Die digitale Innovation scheint fast alle Aspekte unseres Lebens zu beherrschen. Eine der treibenden Kräfte hinter diesem Wandel ist die Künstliche Intelligenz (KI), die schon heute enorme Auswirkungen auf Wirtschaft, Industrie, Medizin, Bildung und viele andere Bereiche hat. Von der Automatisierung von Routineaufgaben bis hin zur Unterstützung von Entscheidungsprozessen sind generative KI-Modelle ein echter Katalysator für den Wandel und prägen neue Geschäftsmodelle, Branchen und Arbeitsmarktstrukturen.
Zu den sichtbaren Folgen des Fortschritts in der KI gehören die Auswirkungen der Technologie auf den Arbeitsmarkt. Ähnlich wie bei früheren Automatisierungswellen ersetzen neue Technologien die menschliche Arbeitskraft bei der Ausführung von sich wiederholenden Routineaufgaben. Diesmal geht die Automatisierung jedoch viel weiter und umfasst auch geistige Arbeiten, die bisher als Domäne des Menschen galten.
Untersuchungen zeigen, dass sich das Profil der Berufe, die von der Automatisierung durch KI bedroht sind, deutlich von früheren technologischen Revolutionen unterscheidet.
Am stärksten betroffen sind diesmal hoch bezahlte Positionen, die eine höhere Ausbildung erfordern, wie z. B. Spezialisten in verschiedenen Bereichen, Wirtschaftsprüfer, Buchhalter, aber auch Journalisten und sogar Rechtsanwälte oder Wissenschaftler. Die am wenigsten gefährdeten Berufe scheinen hingegen manuelle Tätigkeiten zu sein, die von Bauarbeitern, Mechanikern oder Köchen ausgeübt werden. Auch Berufe, die eine ständige Interaktion mit Menschen erfordern, wie z. B. das Gesundheitswesen, bleiben sicher, obwohl auch in diesem Sektor Menschen bereits mit Maschinen arbeiten, deren Funktionsprinzip gerade auf Künstlicher Intelligenz beruht.
Die Auswirkungen der KI auf den Arbeitsmarkt haben allerdings zwei Seiten – die Technologie kann menschliche Arbeit sowohl ersetzen als auch unterstützen. Im ersten Fall, in dem die Tätigkeiten von Mensch und Maschine austauschbar sind, sind die Vorteile ihrer Zusammenarbeit minimal, und es wird kosteneffizienter, ausschließlich den billigeren Arbeiter, oder in diesem Fall die KI, einzusetzen. In vielen Bereichen erweisen sich KI-Technologien und menschliche Fähigkeiten jedoch als komplementär, und ihre Verbindung schafft mehr Wert, als wenn sie einzeln eingesetzt würden.

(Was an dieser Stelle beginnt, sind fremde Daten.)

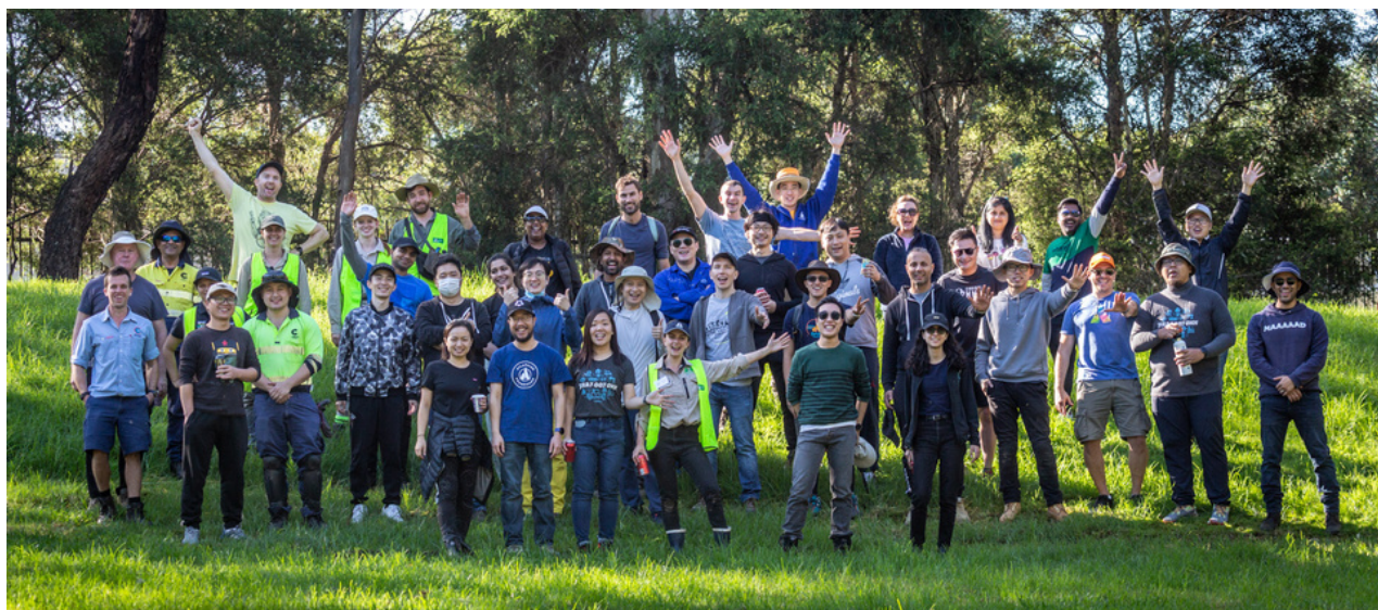
Volunteers at a Creating Canopies tree planting event.

Besonders wichtig ist die Komplementarität von KI in der Forschung und Entwicklung, wo Sprachmodelle die Forscher in vielen Phasen ihrer Arbeit unterstützen – von der Hypothesenbildung bis zur Durchführung von Berechnungen. Dies bedeutet, dass der technologische Fortschritt in diesem Bereich zu einer Beschleunigung von Innovation und Wirtschaftswachstum führen kann.
Obwohl wir derzeit hauptsächlich eine Teilautomatisierung erleben, bei der Maschinen den Menschen bei der Ausführung ausgewählter Aufgaben ersetzen, ist in Zukunft eine vollständige Automatisierung möglich, die auch Entscheidungsprozesse auf höchster Ebene einschließt. In einem solchen Fall wäre die menschliche geistige Arbeit nicht mehr der so genannte Engpassfaktor für das Wirtschaftswachstum, sondern nur noch die Verfügbarkeit von Computerleistung einschränkbar.